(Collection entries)
───

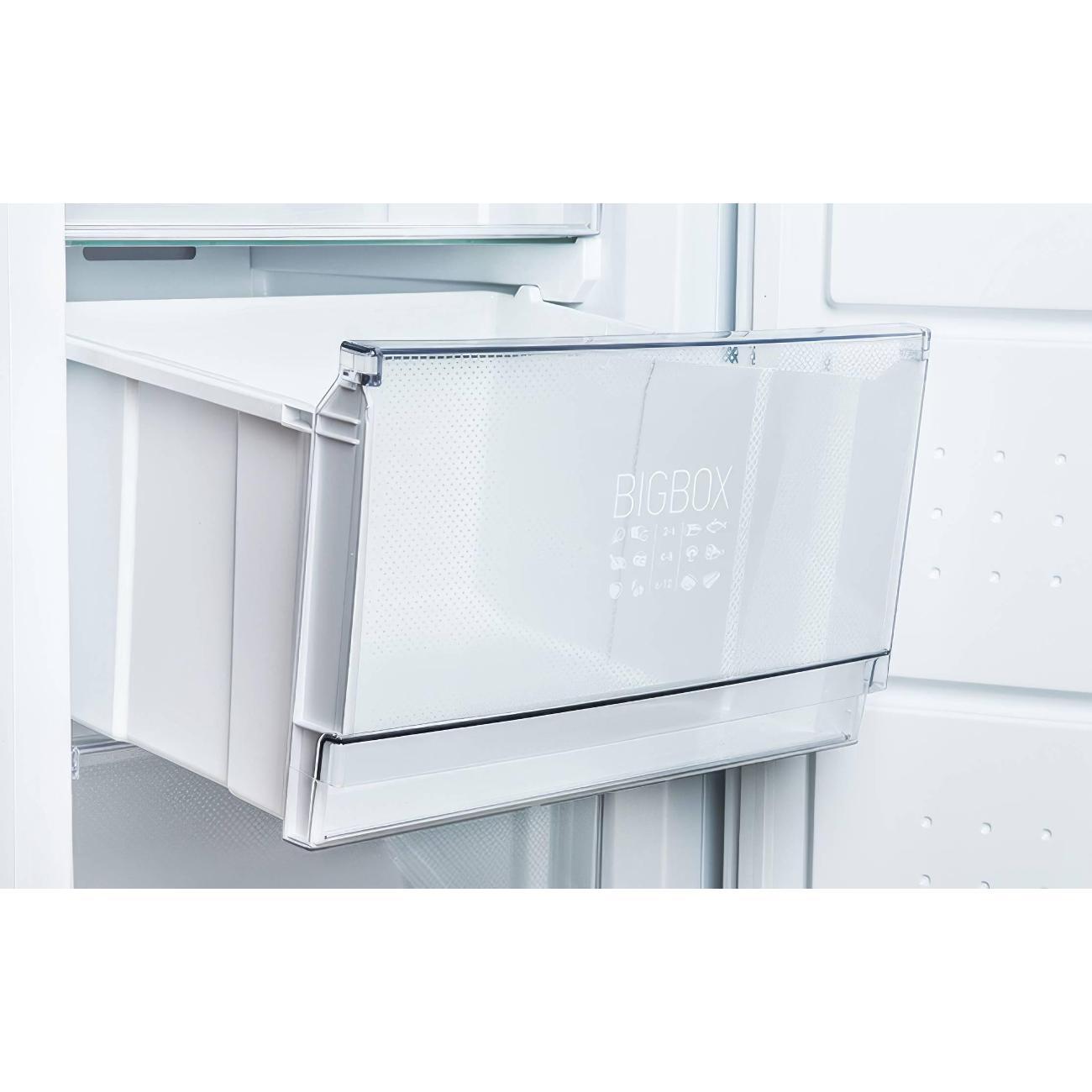 Нижняя секция из ударопрочного пластика вмещает до 10 кг крупных продуктов или целых тушек птицы. Прозрачный фасад ящика обеспечивает видимость припасов без необходимости выдвижения лотка наружу.
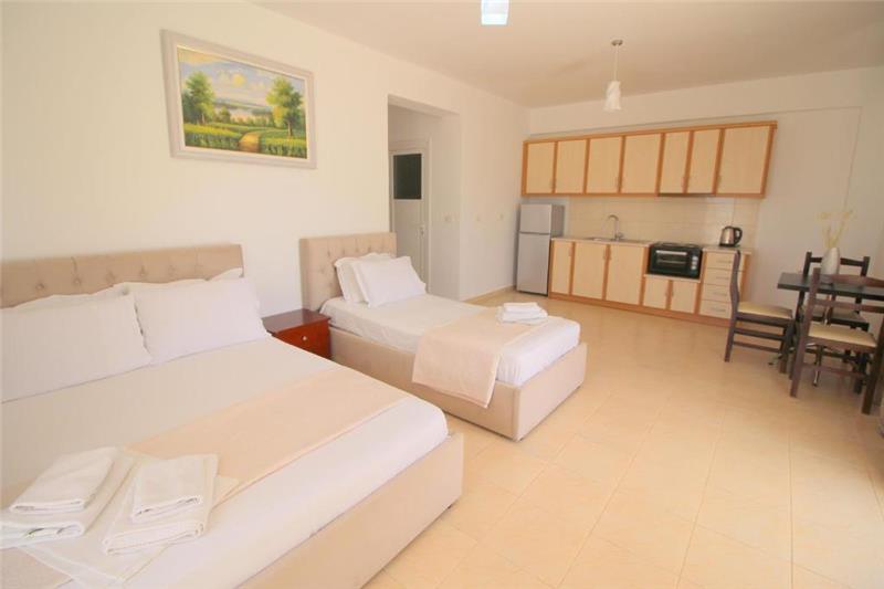 Afrimi Relax Apartments, a beachfront property located in the beautiful city of Saranda, is a nice place for budget family summer vacation on the Ionian Sea.
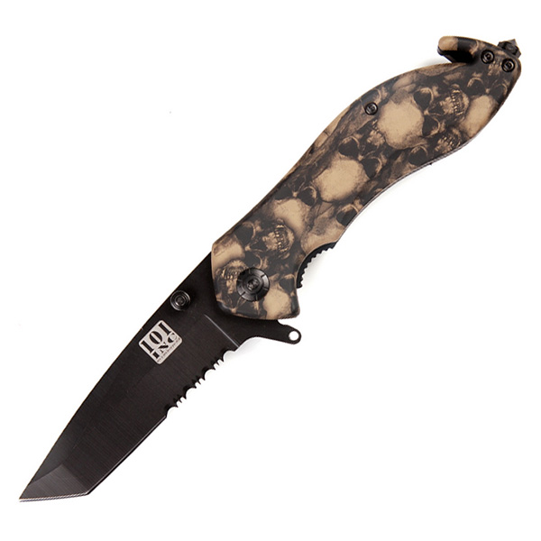 Coltello pieghevole interamente in metallo con lama di tipo tanto, doppio taglio, rompivetro, taglierina per nastri e clip per il fissaggio alla cintura. Motivo a teschi sui manici.
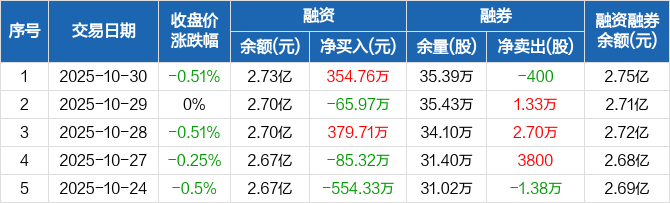 陕建股份:融资净买入354.76万元,融资余额2.73亿元(10-30)
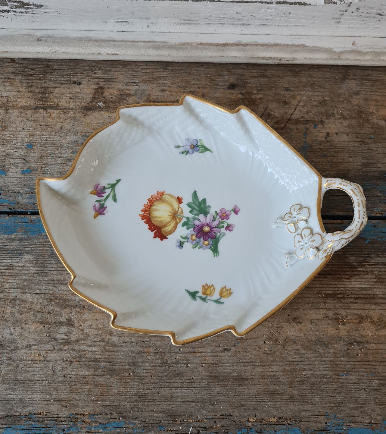 Royal Copenhagen Light Saxon Flower leaf-shaped dish
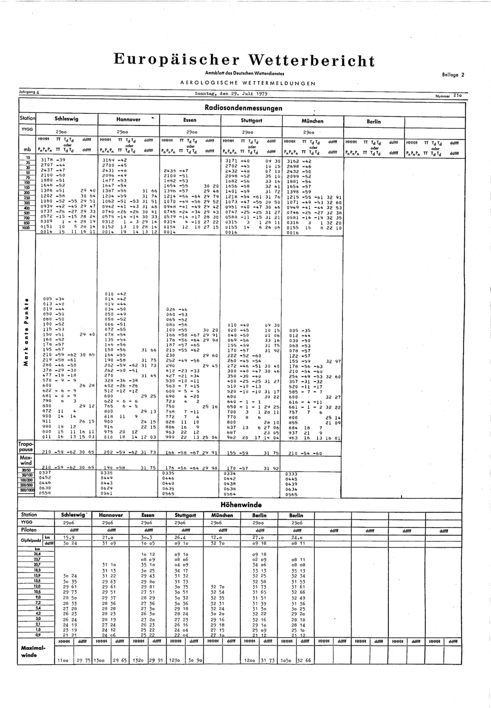 Europäischer Wetterbericht. Beilage 1, Bodenwettermeldungen. 1976-1994
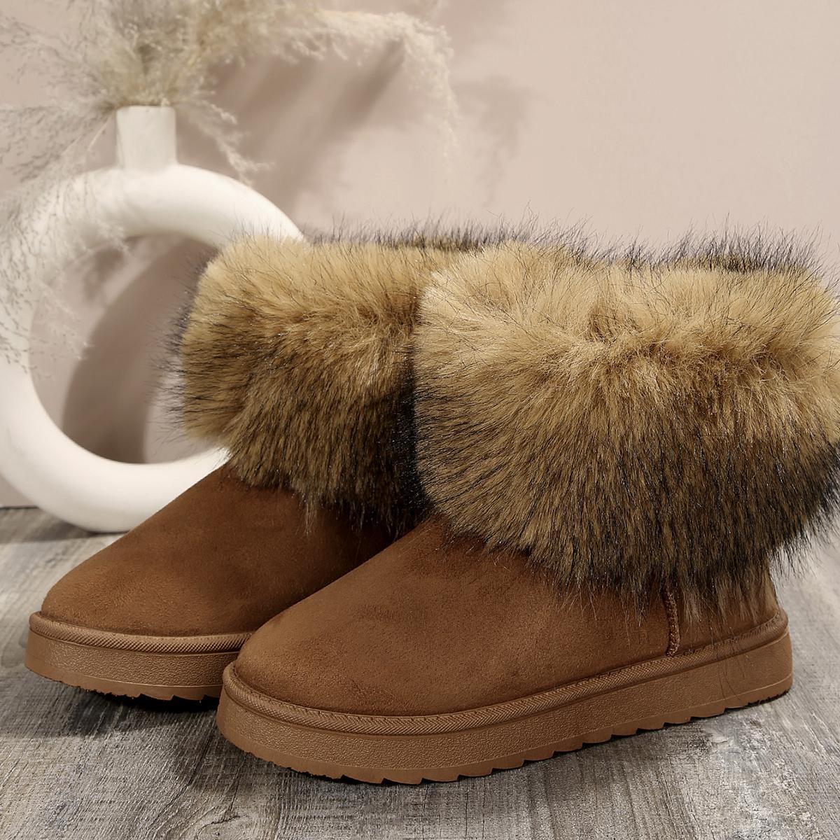 Модные женские меховые сапоги на платформе, зимние плюшевые теплые короткие сапоги с круглым носком, легкие нескользящие черные женские зимние сапоги, размер плюс 43 43 коричневый
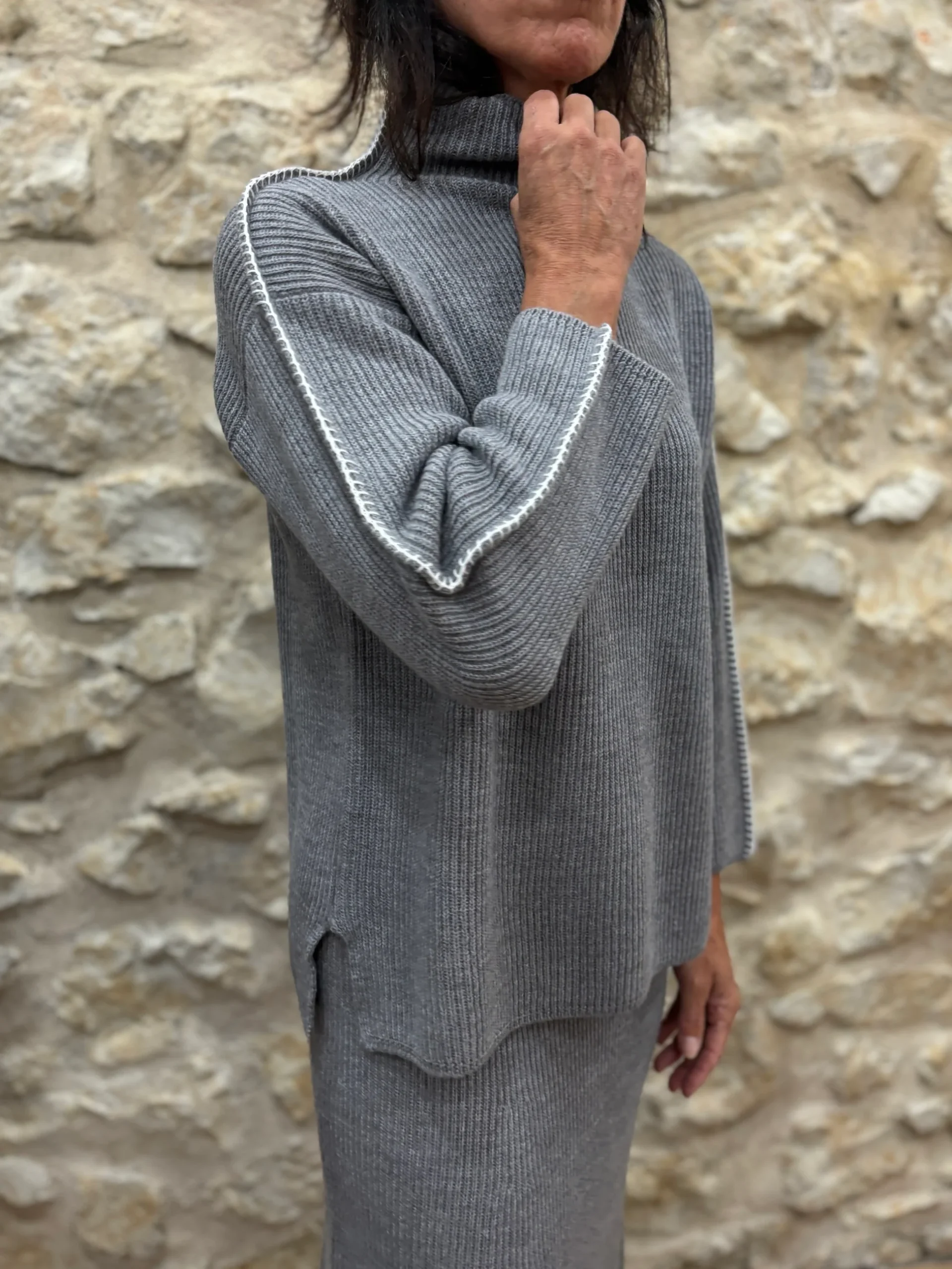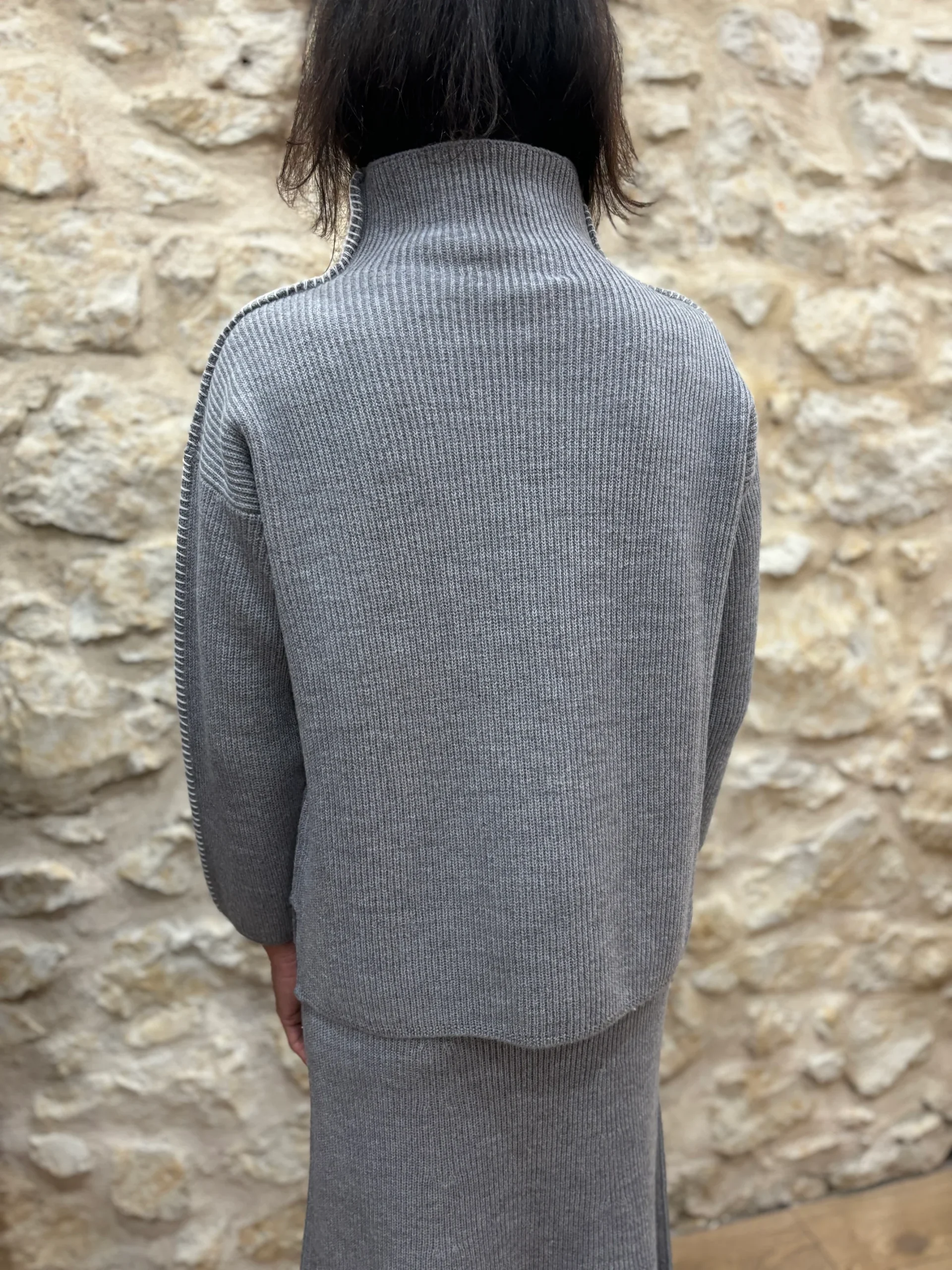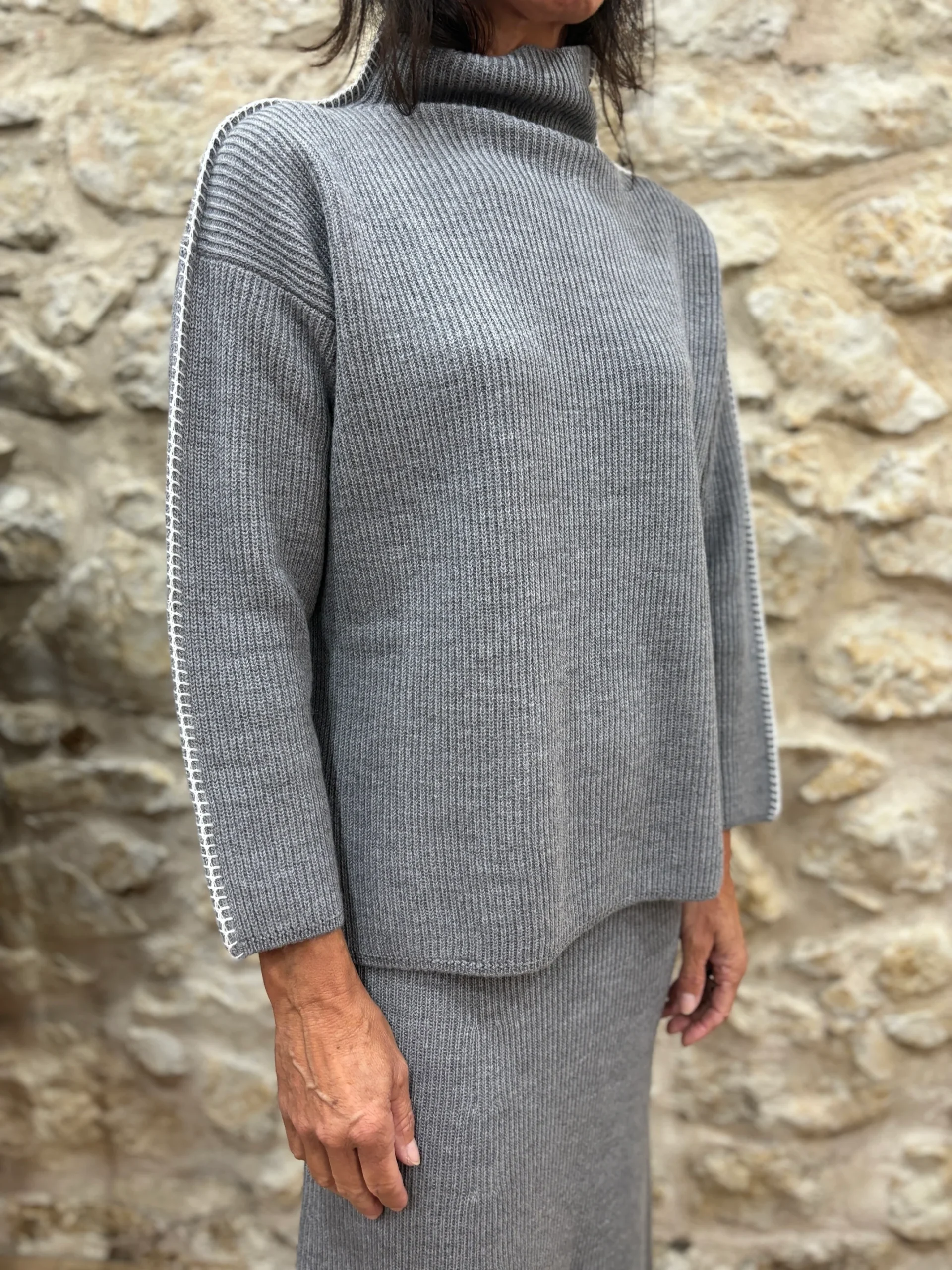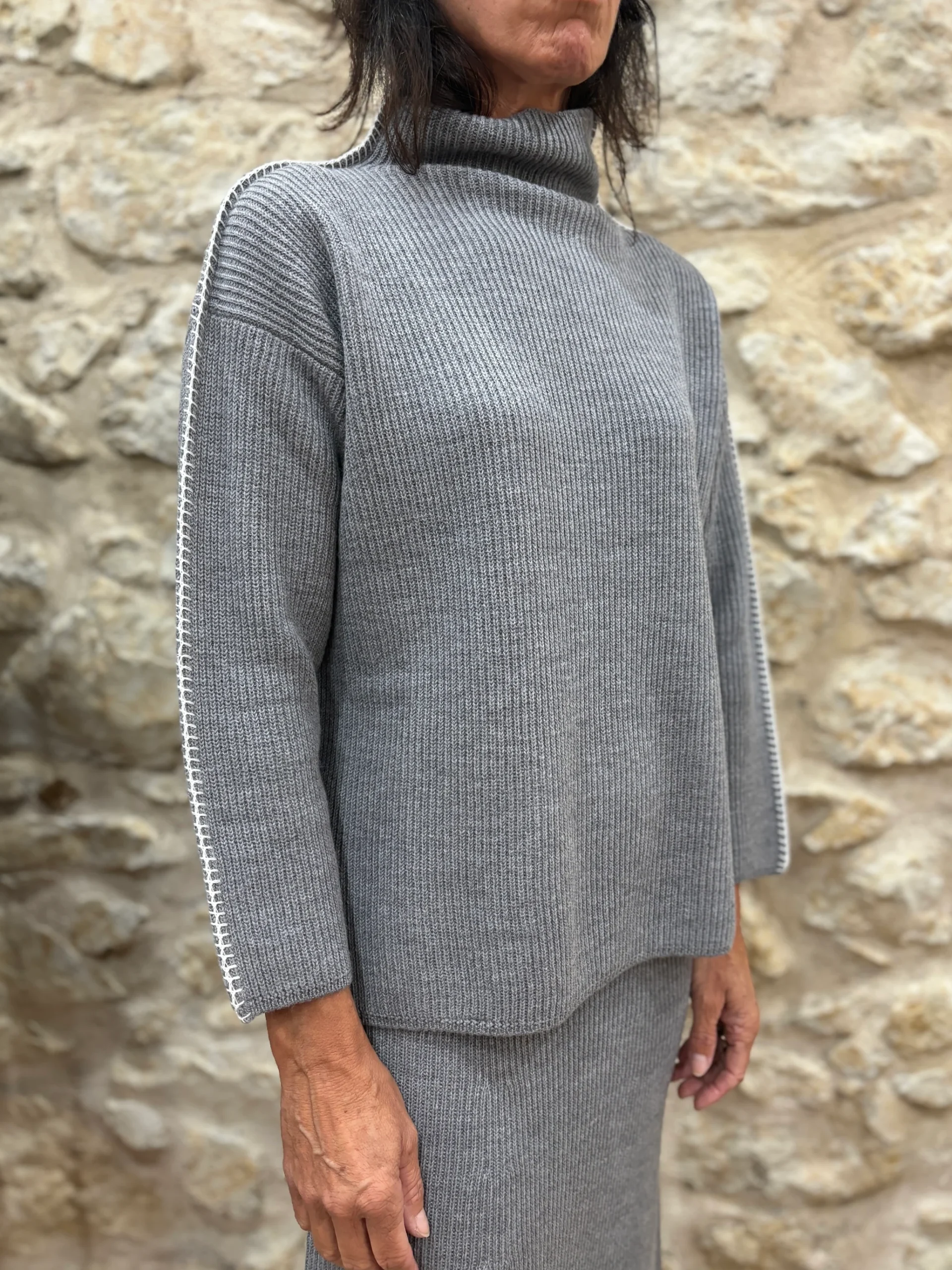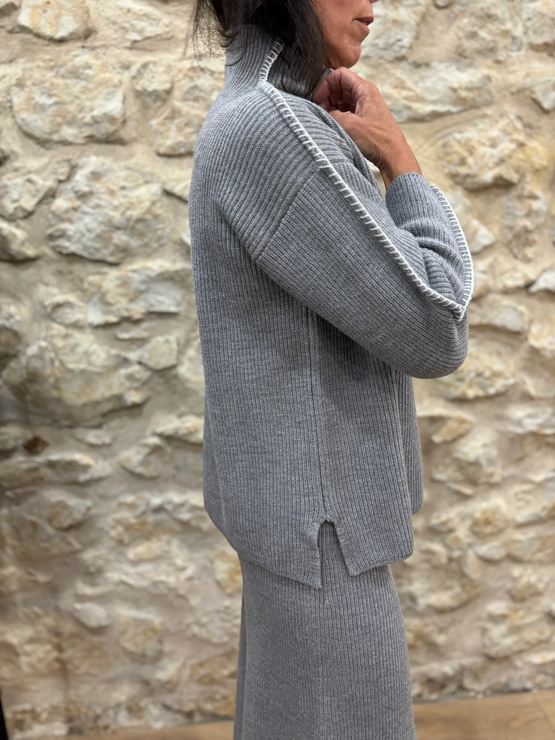 Couleurs / Motifs : Gris avec finitions côtes anglaises.

───

| What to produce |
Exact copy, no pictures: return the entries word for word.

| Your response |
 Нижняя секция из ударопрочного пластика вмещает до 10 кг крупных продуктов или целых тушек птицы. Прозрачный фасад ящика обеспечивает видимость припасов без необходимости выдвижения лотка наружу.
 Afrimi Relax Apartments, a beachfront property located in the beautiful city of Saranda, is a nice place for budget family summer vacation on the Ionian Sea.
 Coltello pieghevole interamente in metallo con lama di tipo tanto, doppio taglio, rompivetro, taglierina per nastri e clip per il fissaggio alla cintura. Motivo a teschi sui manici.
 陕建股份:融资净买入354.76万元,融资余额2.73亿元(10-30)
 Royal Copenhagen Light Saxon Flower leaf-shaped dish
 Europäischer Wetterbericht. Beilage 1, Bodenwettermeldungen. 1976-1994
 Модные женские меховые сапоги на платформе, зимние плюшевые теплые короткие сапоги с круглым носком, легкие нескользящие черные женские зимние сапоги, размер плюс 43 43 коричневый
 Couleurs / Motifs : Gris avec finitions côtes anglaises.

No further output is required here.